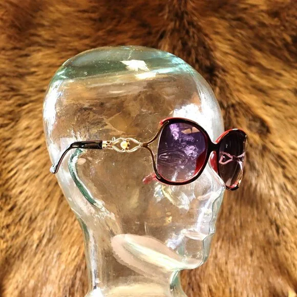 Red Oversized Sunglasses with Pearl and Gold Scroll Arms
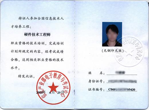 信息產(chǎn)業(yè)部國家權(quán)威證書
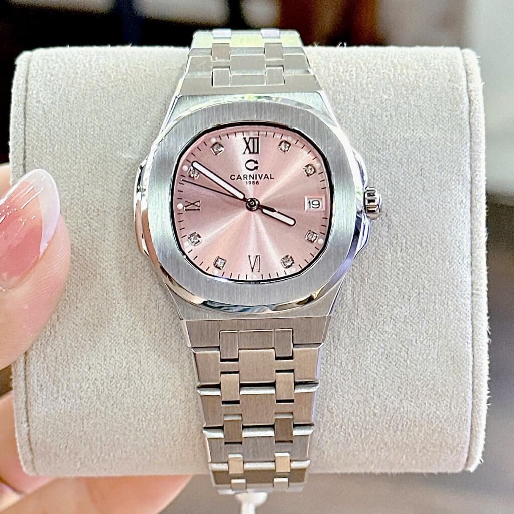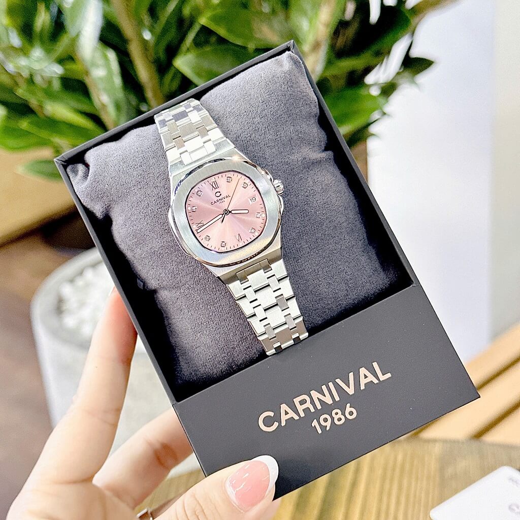 Đồng Hồ Nữ Carnival 8160L Mặt Hồng Dây Kim Loại Silver Size 34mm – Nữ tính, thanh lịch và cuốn hút

________________________________________

Reproduce the listing above exactly, but skip the pictures.

 Red Oversized Sunglasses with Pearl and Gold Scroll Arms
 信息產(chǎn)業(yè)部國家權(quán)威證書
 Đồng Hồ Nữ Carnival 8160L Mặt Hồng Dây Kim Loại Silver Size 34mm – Nữ tính, thanh lịch và cuốn hút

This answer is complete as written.